Metadata-Version: 2.4
Name: inspect-test-utils
Version: 1.1.1
Summary: Simple models and tasks for integration testing
Project-URL: Repository, https://github.com/METR/inspect-test-utils
Project-URL: Issues, https://github.com/METR/inspect-test-utils/issues
Author-email: METR <rasmus.faber-espensen@metr.org>
License-Expression: MIT
License-File: LICENSE
Classifier: Development Status :: 4 - Beta
Classifier: License :: OSI Approved :: MIT License
Classifier: Operating System :: OS Independent
Classifier: Programming Language :: Python :: 3
Classifier: Programming Language :: Python :: 3.10
Classifier: Programming Language :: Python :: 3.11
Classifier: Programming Language :: Python :: 3.12
Classifier: Programming Language :: Python :: 3.13
Requires-Python: >=3.10
Requires-Dist: inspect-ai
Requires-Dist: inspect-scout
Requires-Dist: pytest>=8.0
Provides-Extra: dev
Requires-Dist: basedpyright; extra == 'dev'
Requires-Dist: pytest; extra == 'dev'
Requires-Dist: pytest-asyncio; extra == 'dev'
Requires-Dist: pytest-mock; extra == 'dev'
Requires-Dist: ruff; extra == 'dev'
Requires-Dist: types-aiofiles; extra == 'dev'
Requires-Dist: types-pyyaml; extra == 'dev'
Requires-Dist: types-requests; extra == 'dev'
Description-Content-Type: text/markdown

inspect-test-utils

A small collection of tasks, scorers, and a simple model for use with the Inspect AI framework. It is designed to support integration/acceptance tests, demos, and reproductions by providing:
- Ready-made Tasks that exercise common evaluation patterns (simple generation, numeric closeness, failure injection, and sandbox configuration).
- Scorers for deterministic or parameterized scoring (including hardcoded outputs and a logarithmic closeness score).
- A hardcoded ModelAPI implementation that can deterministically emit tool calls and/or final answers, useful for testing tool-calling flows without hitting external APIs.

Passing arguments
Most tasks and the hardcoded model accept parameters. With the Inspect CLI you can pass them via --task-arg and --model-arg repeatedly:
- Example: make the task generate 3 samples and set a numeric target for guessing:
  inspect eval inspect_test_utils/guess_number \
    --task-arg sample_count=3 \
    --task-arg target=42.7 \
    --model hardcoded --model-arg answer=42.6

What’s included
- Tasks (inspect_test_utils.tasks)
  - say_hello(sample_count=1): Simple task; expects a response that includes "hello".
  - guess_number(sample_count=1, target="42.7"): Uses a logarithmic closeness scorer for numeric answers.
  - hardcoded_score(sample_count=10, hardcoded_score=None, hardcoded_score_by_sample_id_and_epoch=None): Scores are injected from parameters; useful for testing aggregations and edge cases (including NaN).
  - sometimes_fails_setup(sample_count=10, fail_setup_on_epochs=None, failure_rate=0.2): Randomly raises during setup via a failing solver; useful to test retry/resume behavior.
  - sometimes_fails_scoring(sample_count=10, fail_score_on_epochs=None, failure_rate=0.2): Randomly raises during scoring; useful to test scorer error handling.
  - configurable_sandbox(sample_count=1, cpu=0.5, memory="2G", storage="2G", gpu=None, gpu_model=None, allow_internet=False): A task with runtime configurable sandbox. 

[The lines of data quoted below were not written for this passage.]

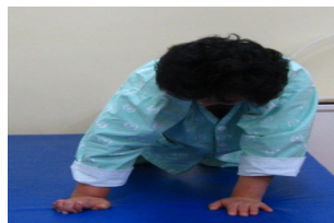
Fig. 2-2. Quadruped (Lt)
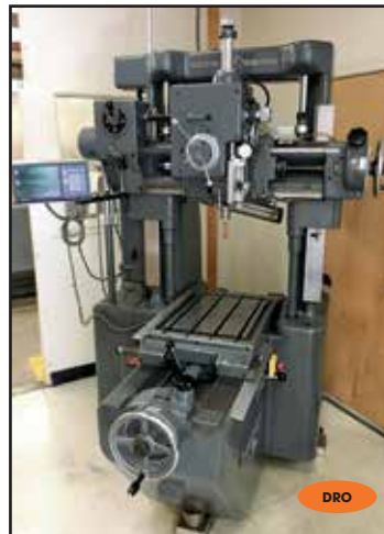
SIP # MP-3K "PRECISION" JIG BORER
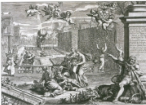
From Le jardins de Rome ..., 1683, by Giovanni Battista Falda. The fountains depicts a view of the mythical garden of the Hesperides.
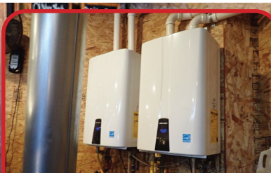
(2) NAVIEN NPE-240A
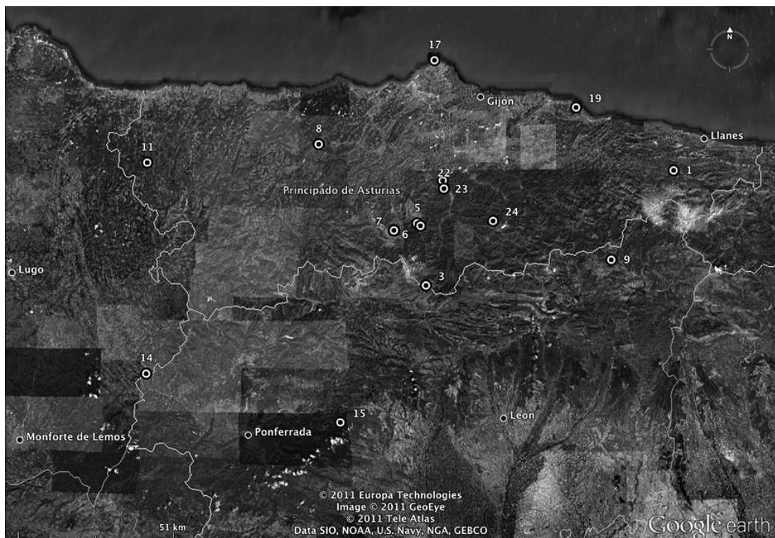
Figure 1. Map of the distribution of the accessions of Trifolium repens collected in the Cantabrian Mountains

The following ten agromorphological (IBPGR 1992) traits were evaluated during the 2-year pe-

- Scorers (inspect_test_utils.scorers)
  - failing_scorer(fail_on_epochs=None, failure_rate=0.2): Raises errors at a controlled rate for selected epochs.
  - closeness_log(): Scores 1.0 for exact equality, otherwise 1/(1+log1p(relative_error)) for numeric strings.
  - hardcoded_scorer(hardcoded_score=None, hardcoded_score_by_sample_id_and_epoch=None): Returns pre-specified Score objects or looks them up by sample id and epoch.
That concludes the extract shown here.